====== Data for this exercise ======

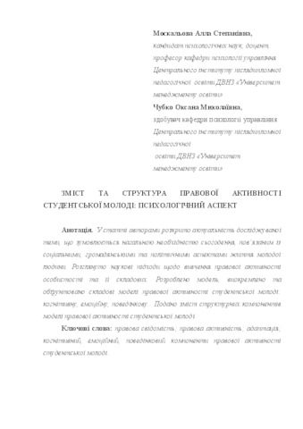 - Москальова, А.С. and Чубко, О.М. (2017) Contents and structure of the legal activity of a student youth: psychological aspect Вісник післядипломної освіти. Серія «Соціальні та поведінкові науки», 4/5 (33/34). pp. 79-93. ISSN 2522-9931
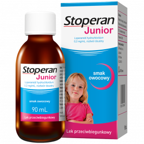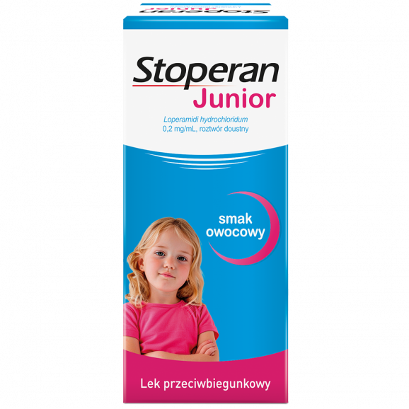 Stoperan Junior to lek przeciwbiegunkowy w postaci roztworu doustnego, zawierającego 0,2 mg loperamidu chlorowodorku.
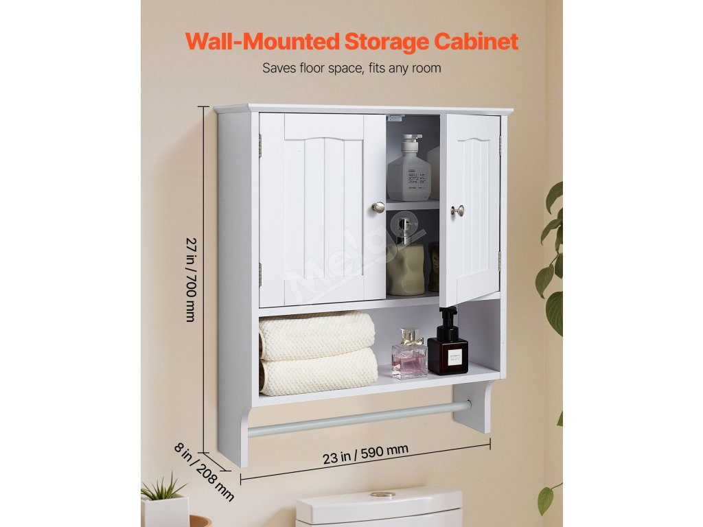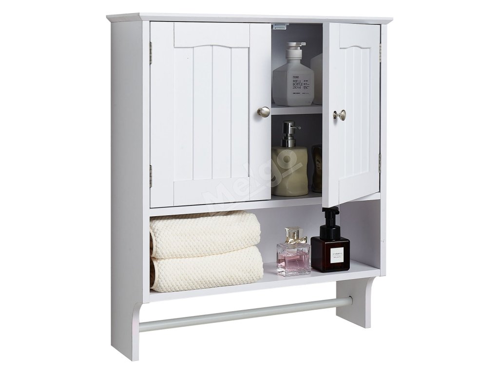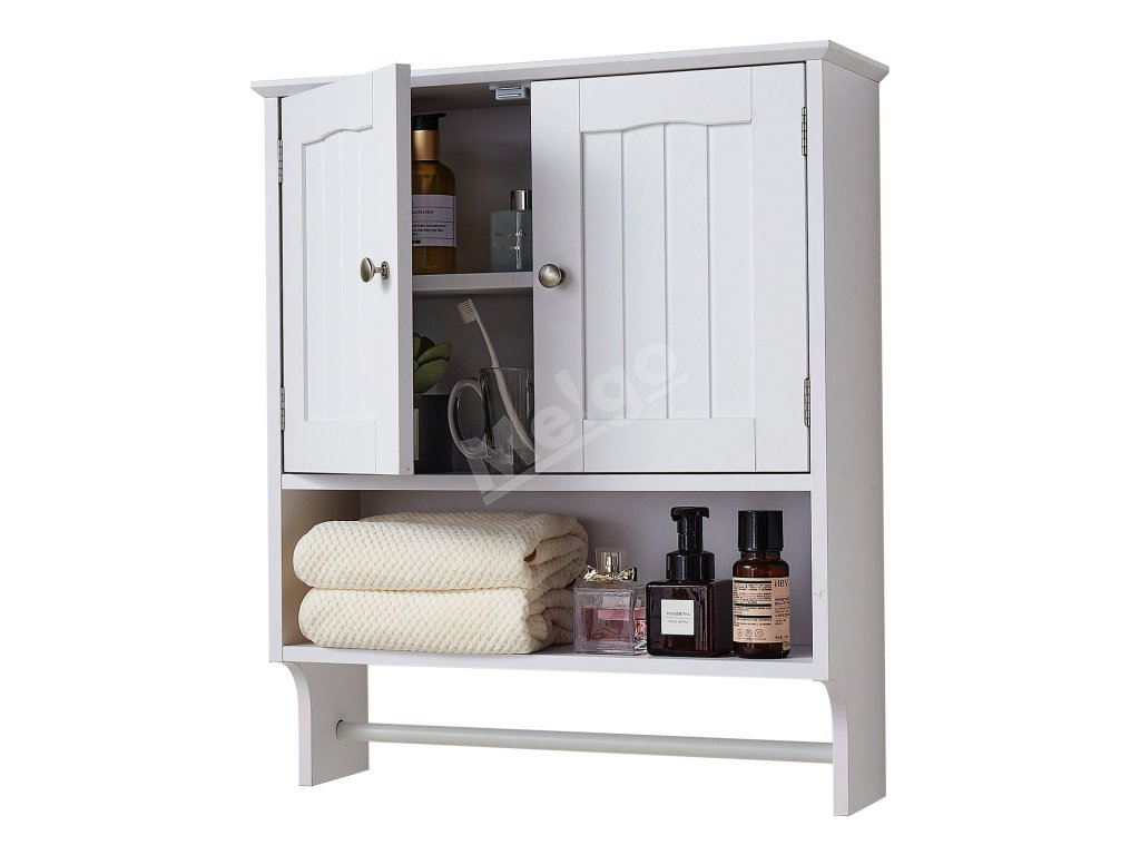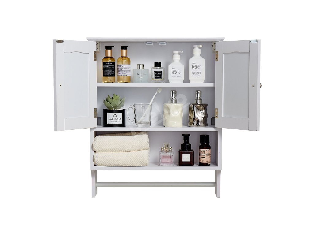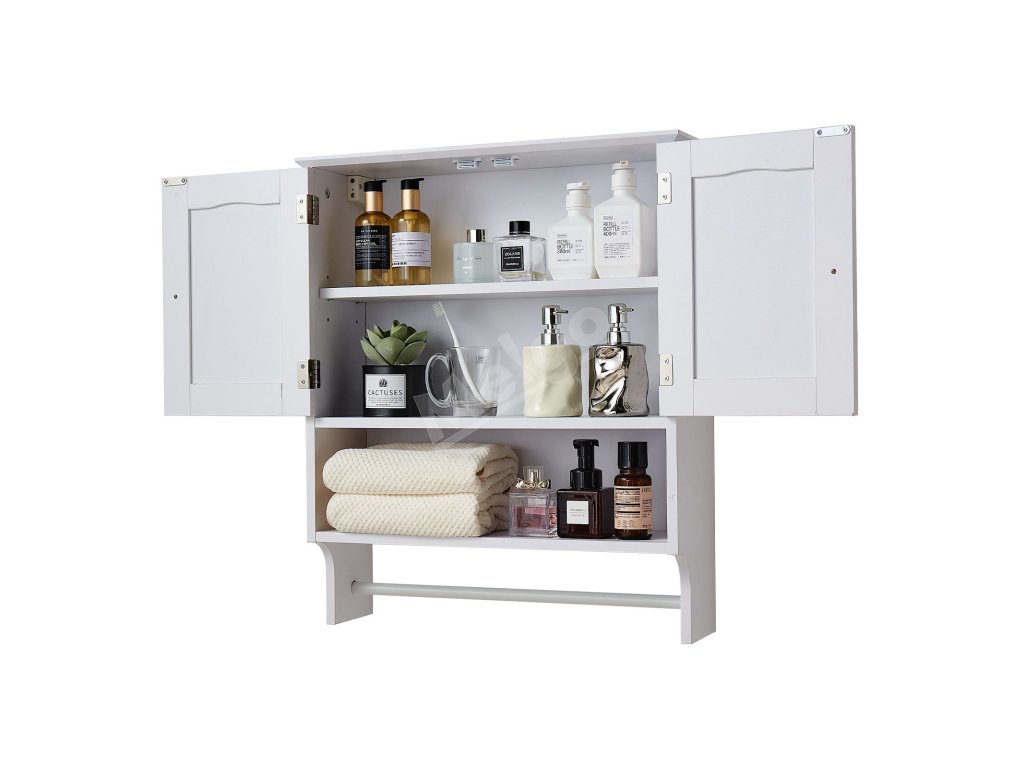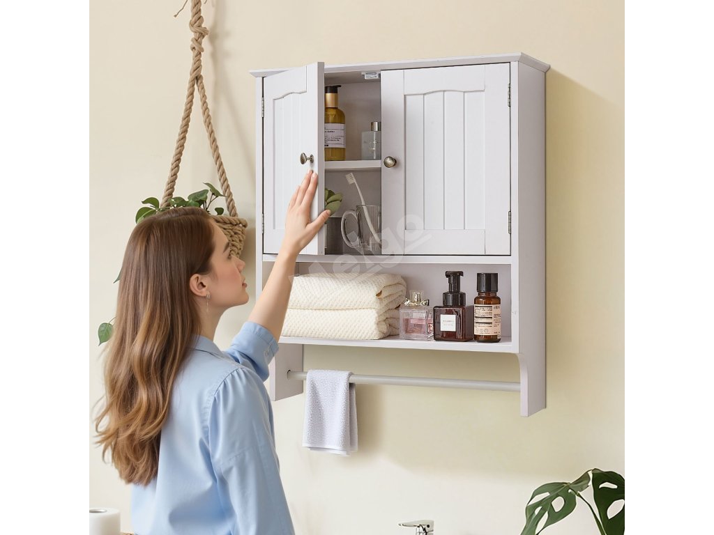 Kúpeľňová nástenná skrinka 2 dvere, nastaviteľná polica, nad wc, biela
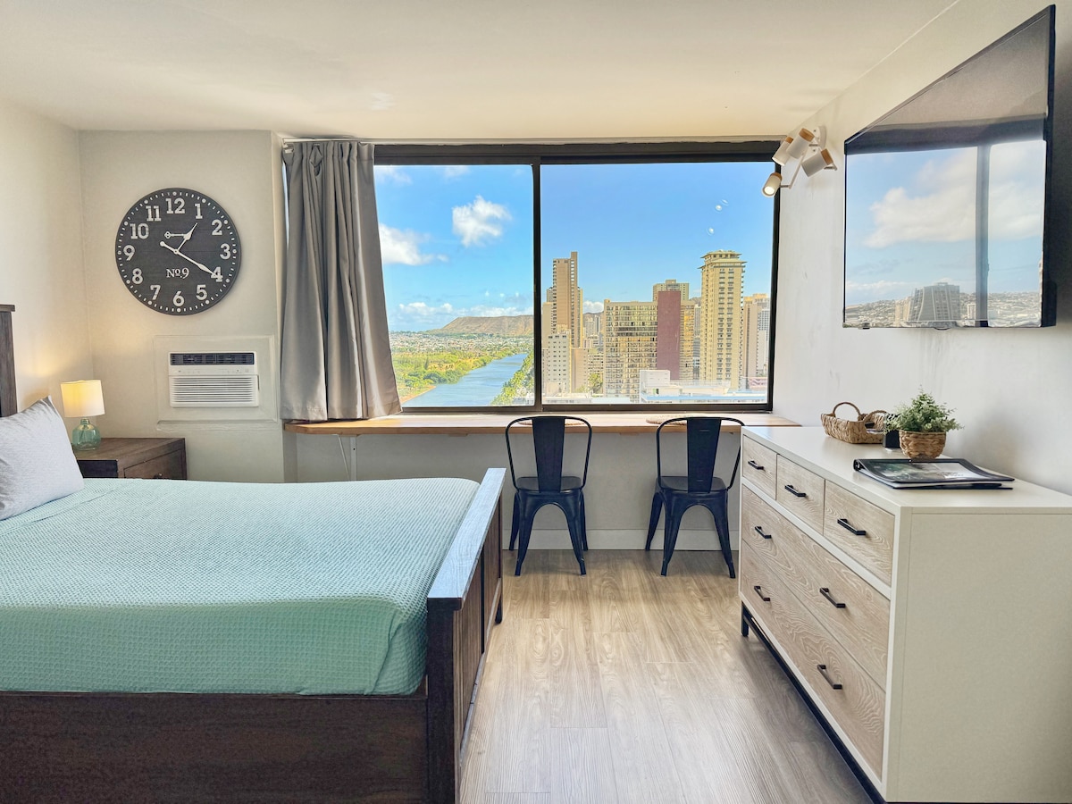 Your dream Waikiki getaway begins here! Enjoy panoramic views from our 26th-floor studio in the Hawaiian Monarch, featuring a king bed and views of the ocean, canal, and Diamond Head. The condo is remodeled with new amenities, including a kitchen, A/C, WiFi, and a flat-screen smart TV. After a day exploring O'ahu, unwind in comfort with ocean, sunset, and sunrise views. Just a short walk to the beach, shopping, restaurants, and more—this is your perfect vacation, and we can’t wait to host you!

======
====== Data for this exercise ======

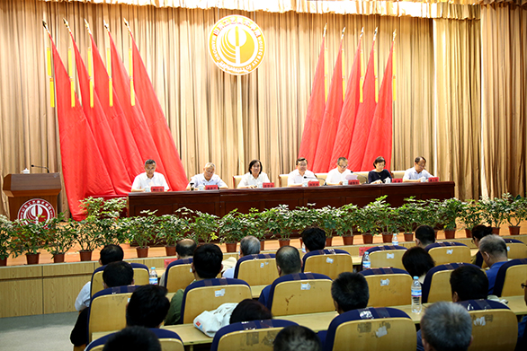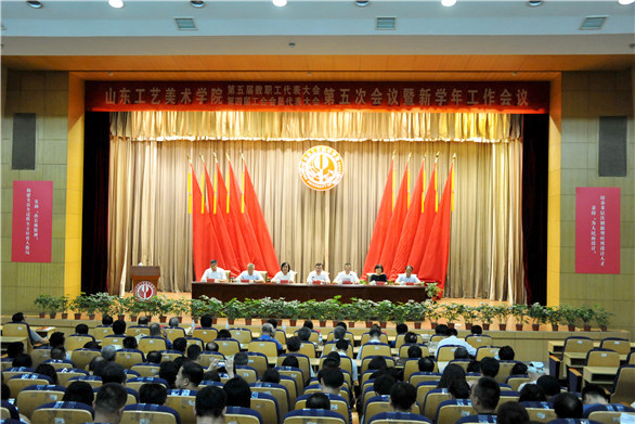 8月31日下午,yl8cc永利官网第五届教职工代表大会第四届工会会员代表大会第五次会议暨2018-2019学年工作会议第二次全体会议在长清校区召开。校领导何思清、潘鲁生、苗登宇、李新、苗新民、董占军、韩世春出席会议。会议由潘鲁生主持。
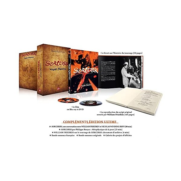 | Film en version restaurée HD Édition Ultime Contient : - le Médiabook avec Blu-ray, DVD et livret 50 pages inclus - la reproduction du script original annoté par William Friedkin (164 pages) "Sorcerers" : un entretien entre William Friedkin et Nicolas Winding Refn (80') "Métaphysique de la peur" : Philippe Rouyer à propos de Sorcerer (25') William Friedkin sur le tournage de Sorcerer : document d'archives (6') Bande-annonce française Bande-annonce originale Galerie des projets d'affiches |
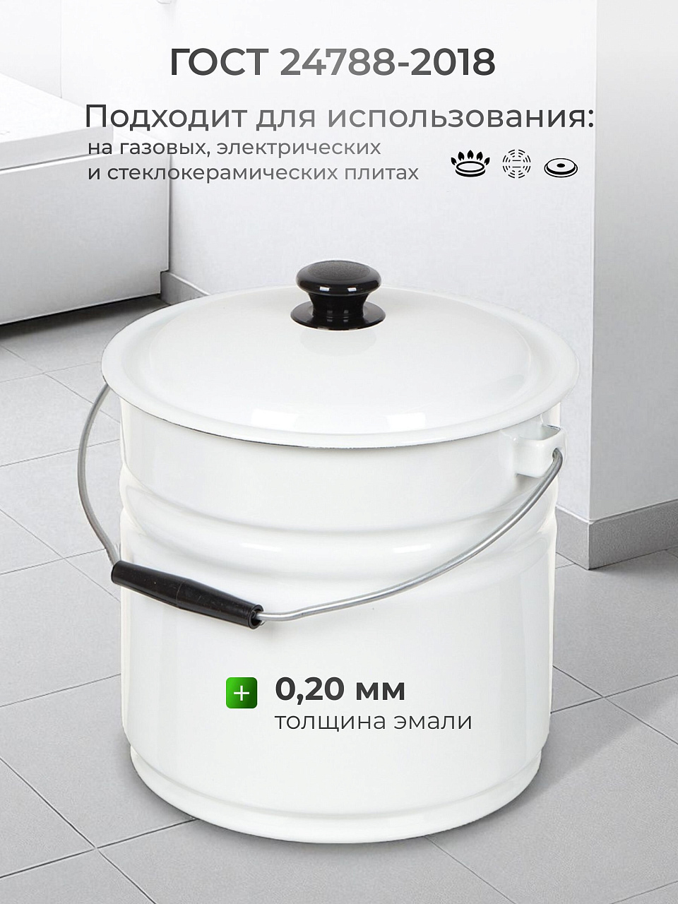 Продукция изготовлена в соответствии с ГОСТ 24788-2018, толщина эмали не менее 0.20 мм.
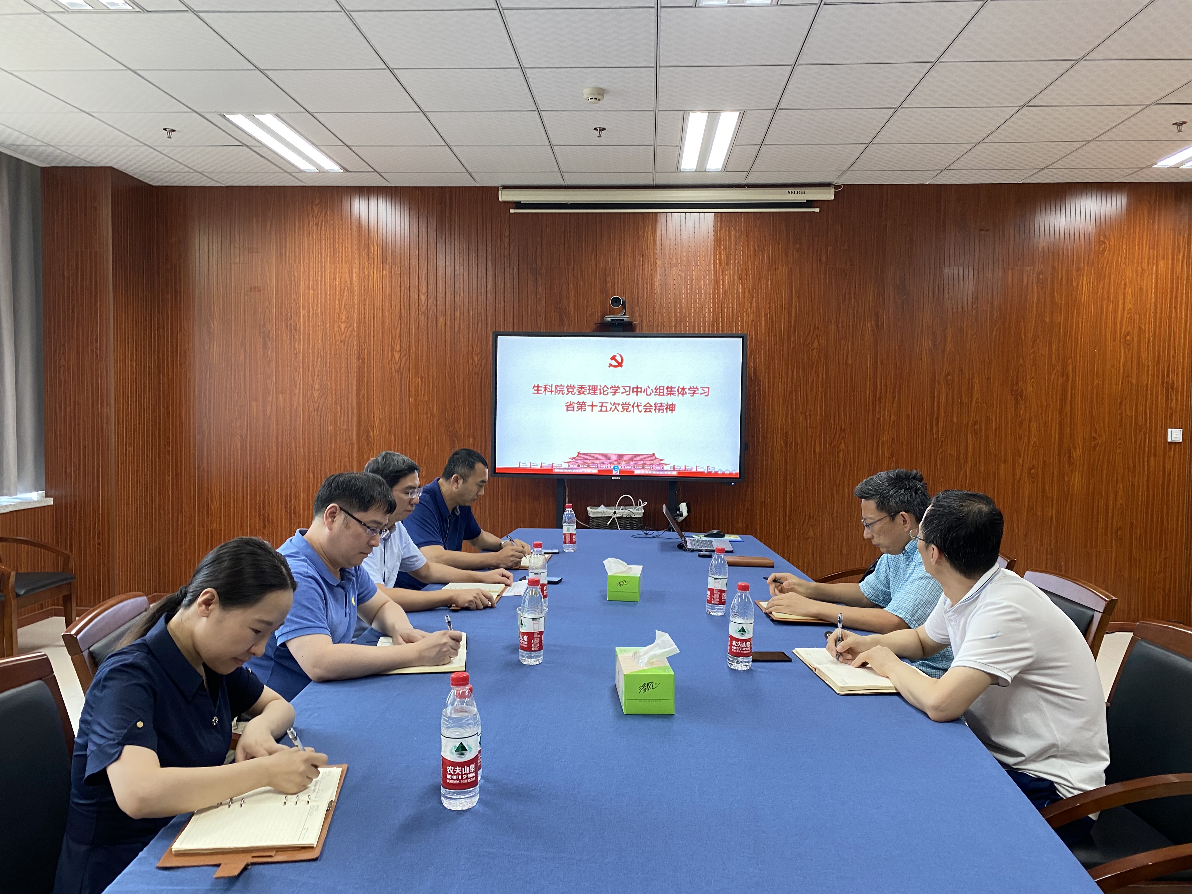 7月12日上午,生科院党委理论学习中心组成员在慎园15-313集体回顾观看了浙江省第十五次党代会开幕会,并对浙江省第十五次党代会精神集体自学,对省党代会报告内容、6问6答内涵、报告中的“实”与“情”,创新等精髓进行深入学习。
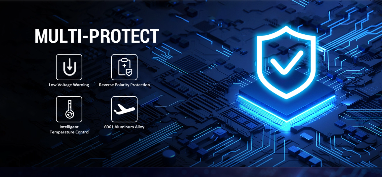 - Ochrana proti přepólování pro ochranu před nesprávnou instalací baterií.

======
====== Data for this exercise ======

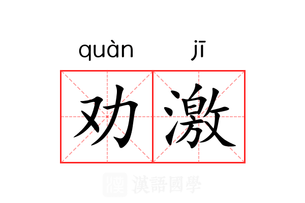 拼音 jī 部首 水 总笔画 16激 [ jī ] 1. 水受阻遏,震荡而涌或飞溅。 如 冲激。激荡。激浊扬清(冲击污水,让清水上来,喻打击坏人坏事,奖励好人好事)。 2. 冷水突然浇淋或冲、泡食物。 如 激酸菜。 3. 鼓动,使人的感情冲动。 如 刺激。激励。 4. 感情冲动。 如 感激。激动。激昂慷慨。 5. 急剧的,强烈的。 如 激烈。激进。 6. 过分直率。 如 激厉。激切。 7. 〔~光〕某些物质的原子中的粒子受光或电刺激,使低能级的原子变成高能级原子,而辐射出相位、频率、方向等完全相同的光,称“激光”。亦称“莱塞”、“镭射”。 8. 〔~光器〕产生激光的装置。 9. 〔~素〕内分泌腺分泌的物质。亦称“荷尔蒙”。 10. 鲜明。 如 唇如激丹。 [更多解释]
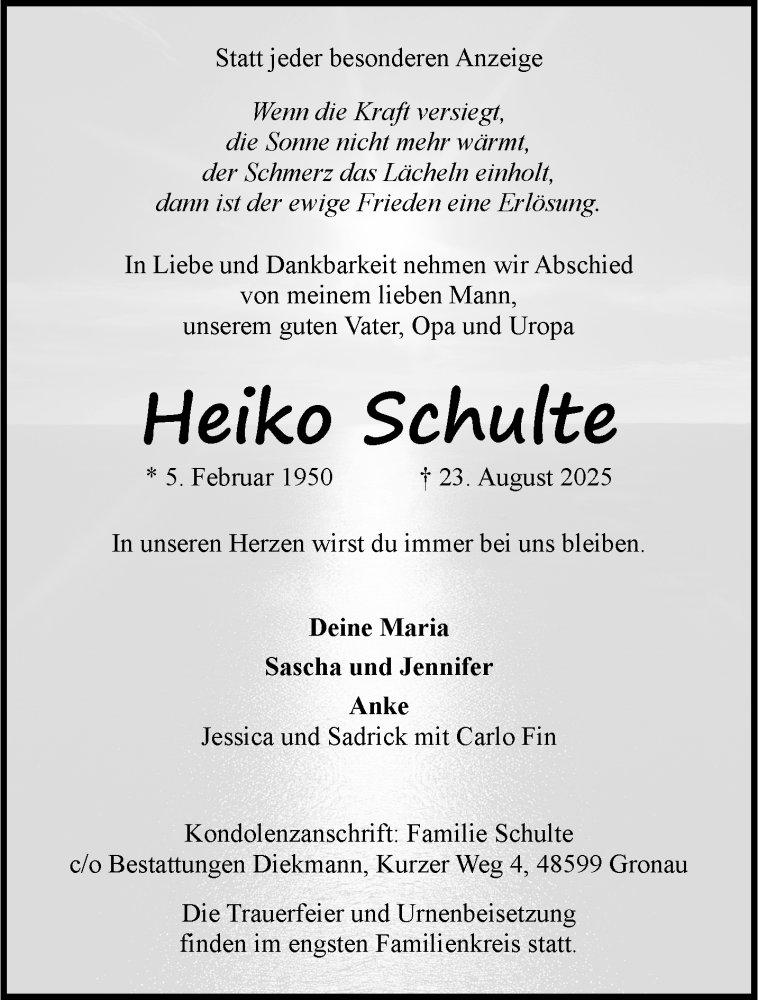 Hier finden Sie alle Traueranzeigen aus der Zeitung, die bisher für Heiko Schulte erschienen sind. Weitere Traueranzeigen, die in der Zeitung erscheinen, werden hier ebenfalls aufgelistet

======

Once the line with "- Москальова, А.С." is found in the data above, reproduce it and each line after it exactly, through the line with "Kúpeľňová nástenná skrinka". Omit the pictures.

 - Москальова, А.С. and Чубко, О.М. (2017) Contents and structure of the legal activity of a student youth: psychological aspect Вісник післядипломної освіти. Серія «Соціальні та поведінкові науки», 4/5 (33/34). pp. 79-93. ISSN 2522-9931
 Stoperan Junior to lek przeciwbiegunkowy w postaci roztworu doustnego, zawierającego 0,2 mg loperamidu chlorowodorku.
 Kúpeľňová nástenná skrinka 2 dvere, nastaviteľná polica, nad wc, biela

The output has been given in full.